There should be some respectful and contemplative pause between such horrible carnage as occurred over the weekend in Florida and the inevitable and necessary political debates that always follow, but that no longer seems possible. With the death toll yet to be tallied, the all too familiar arguments are already being advanced.
This time around it’s difficult for the left to state its usual case. The murders of at least 50 people at an Orlando nightclub already sets a record for the deadliest mass shooting in American history, which would ordinarily cause many of the more prominent media and the predictable politicians to amplify their ritual calls for further gun control laws, but as usual none of their proposals wouldn’t have done anything to prevent the murders and in this case it’s far, far more complicated than that. The nightclub where the murders occurred catered to a homosexual clientele, the murderer made clear that he was motivated by his murderously anti-homosexual Islamic beliefs and his fealty to the Islamic State terror organization that has lately been inflicting such horrors on the homosexuals and the Christians and more peaceable Muslims and many others sorts of similarly sympathetic people in a the wide swath of the Middle East it now commands. Thus the President of the United States who lit the White House in the rainbow colors of the homosexual rights movement to celebrate same-sex marriage and dismissed the Islamic State as a “jayvee” team” of terrorism and insists there’s no such thing as radical Islamic terrorism and that at any rate the Koran doesn’t say about homosexuality what that mass murderer read in its plain text and has declared the future should not belong to those who slander the Prophet Muhammad finds himself arguing about gun control from a muddled position.
Even the most polite press media are now obliged to acknowledge that the Islamic State is proudly and credibly blaming credit for the mass murder on American soil, even the president and the rest of the government officials at every level are openly calling it an act of terrorism of some undefined sort of another, and there’s also the unavoidable matter that the killer not only passed those much-ballyhooed background checks for a weapons purchase but also for a position in the federal government, and that his outspoken anti-homosexual Islamic views somehow exempted him from official scrutiny even after two investigations by federal authorities. The recent Secretary of State and presumptive Democratic nominee Hillary Clinton, who has fancied herself a fearless defender of homosexual rights for the past few years it’s been so popular, finds herself a similarly muddled situation.
Meanwhile, the presumptive Republican nominee, real-estate-and-gambling-and-strip-joint-and-professional-wrestling-and-scam-university-and-reality show mogul Donald J. Trump, has staked out what is at least a clearer stand.

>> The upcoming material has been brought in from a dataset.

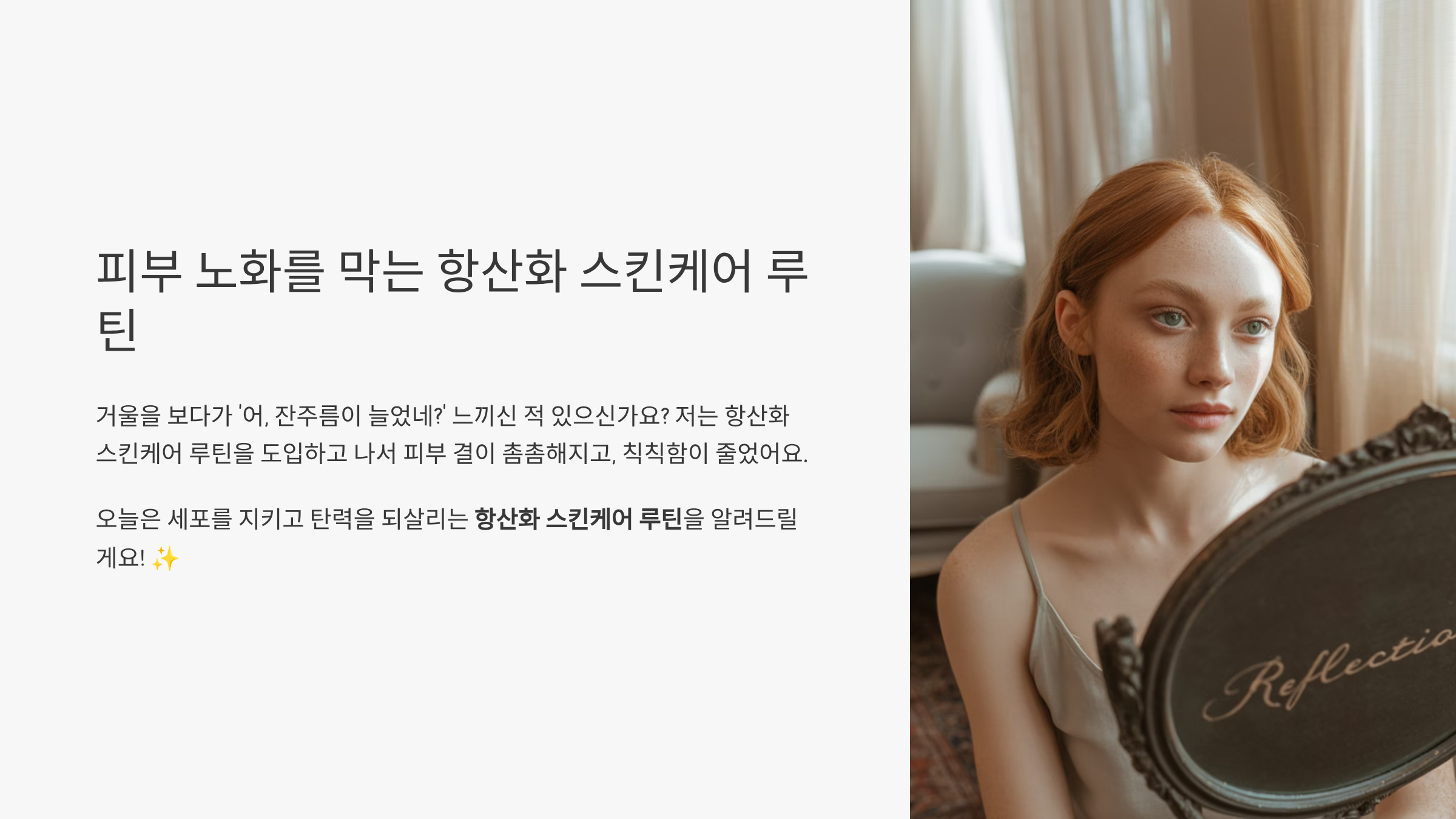 저는 항산화 스킨케어 루틴을 도입하고 나서 피부 결이 촘촘해지고, 칙칙함이 줄었어요.

He’s on record on for wiping out the killer’s family and torturing anyone suspected of being involved with him and banning even the people with more peaceable notions of Islam from entering the country, and he’s used barnyard profanity to describe the bombings he’d inflict on the Islamic State, and although he’s backtracked all the crazy talk about ordering war crimes and how the military would bend to his will if he did, and although he’s also talked about out-sourcing that Islamic State problem to the alluringly strong Russian dictator Vladimir Putin, he still somehow comes off at the stronger horse to an understandably horrified public.
As we pray for those poor souls who suffered in the weekend’s massacre, we’d like to think that some more sensible solution could be found in a respectful and contemplative pause between such horrors and our nation’s response, but that no longer seems possible.